O Ministério da Fazenda já enviou um parecer contrário ao STF (Supremo Tribunal Federal) contra o tabelamento de preços. Embora a medida provisória tenha sido negociada pelo Palácio do Planalto e pelos ministros da Fazenda e do Planejamento com os caminhoneiros para acabar com a greve, a avaliação interna é de que a ação foi anticoncorrencial e desfavorável ao ambiente de negócios.
Na prática, o Ministério da Fazenda reconheceu o tamanho do erro e os prejuízos que ele pode causar, reforçando o argumento das entidades produtivas que incluem não só o agro, mas também a indústria e o comércio: de que o tabelamento de preços fere o princípio da livre concorrência.
O parecer da Fazenda é muito claro neste sentido quando aponta: "Ao reintroduzir o tabelamento em setor aberto à livre concorrência sem a devida análise do impacto que a medida terá sobre os demais mercados e, em última análise, sobre o consumidor, não conseguirá assegurar, conforme propôs, a existência digna, conforme os ditames da justiça social".
Várias entidades, como Acebra (Associação das Empresas Cerealistas do Brasil) e CNA (Confederação da Agricultura e Pecuária do Brasil), entraram com ações contra o tabelamento de fretes.
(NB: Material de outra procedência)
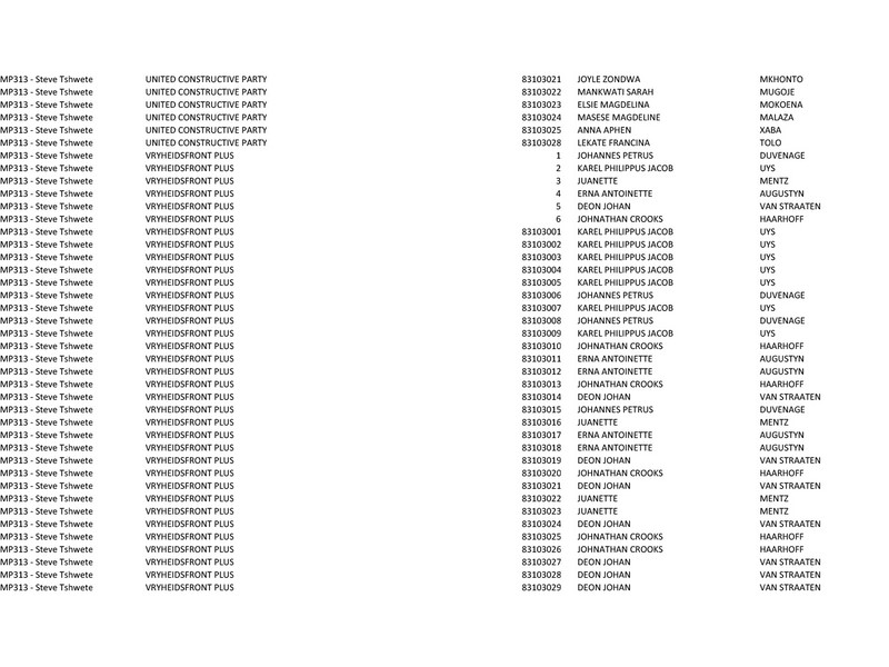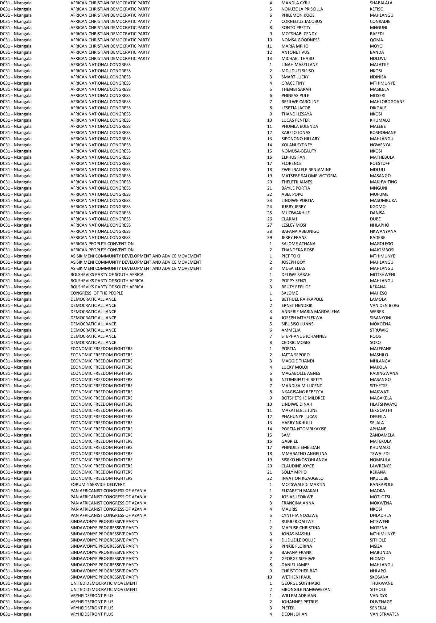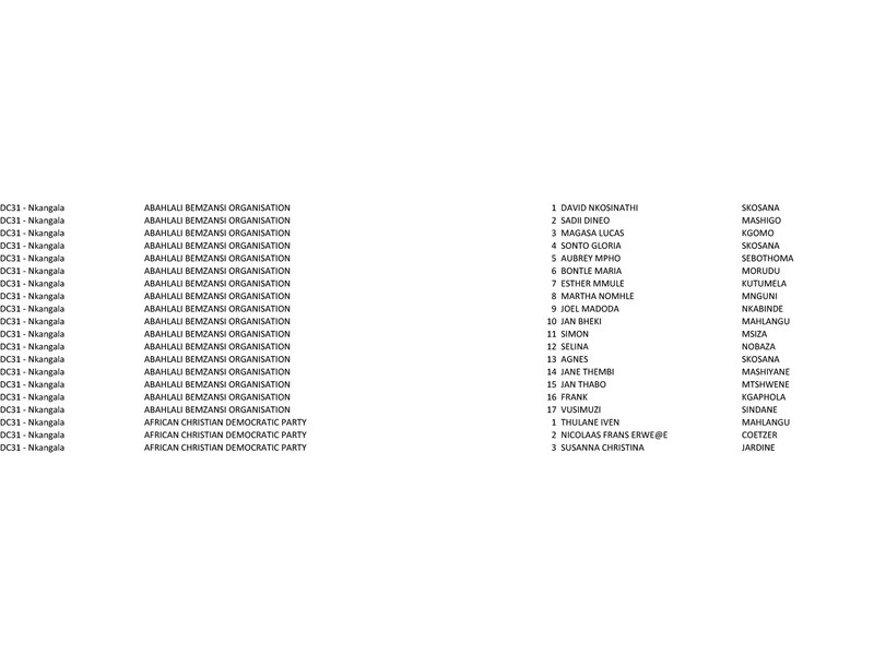 Completing the list for the Nkangala contenders are the ANC, DA, VF+, ACDP, Cope and the EFF.

Entre os argumentos, estão custos bilionários com a imposição do tabelamento do frete, a elevação dos custos dos alimentos, além da ameaça de redução da produção agrícola em áreas distantes dos grandes centros.
Em um dos estudos, realizados pela CNA, as estimativas de prejuízos que o tabelamento de fretes pode causar atingem toda a sociedade brasileira. Entre eles está um aumento médio de 12,1% no preço de alimentos, como arroz, carnes, feijão, leite, ovos, tubérculos, frutas e legumes, que representam mais de 90% da cesta básica.
O setor produtivo não é contrário a melhores condições de remuneração dos caminhoneiros, mas é impraticável privilegiar uma classe com um aumento que foi calculado sem bases técnicas e que prejudica todas as outras.
Somos contrários, sim, à intervenção do Estado nas relações de mercado que se autorregulam; ao desrespeito aos milhões de agricultores que abastecem os lares de todos os brasileiros; a políticos de carreira que, em busca de seus próprios interesses, colocam em risco a segurança alimentar do nosso país.
As entidades do setor produtivo esperam, no mínimo, que os representantes do governo reconheçam seu erro e que os caminhoneiros sejam razoáveis em negociar o valor do frete. Somente assim poderemos evitar um colapso no abastecimento alimentar do Brasil e também dos países que importam nossos grãos.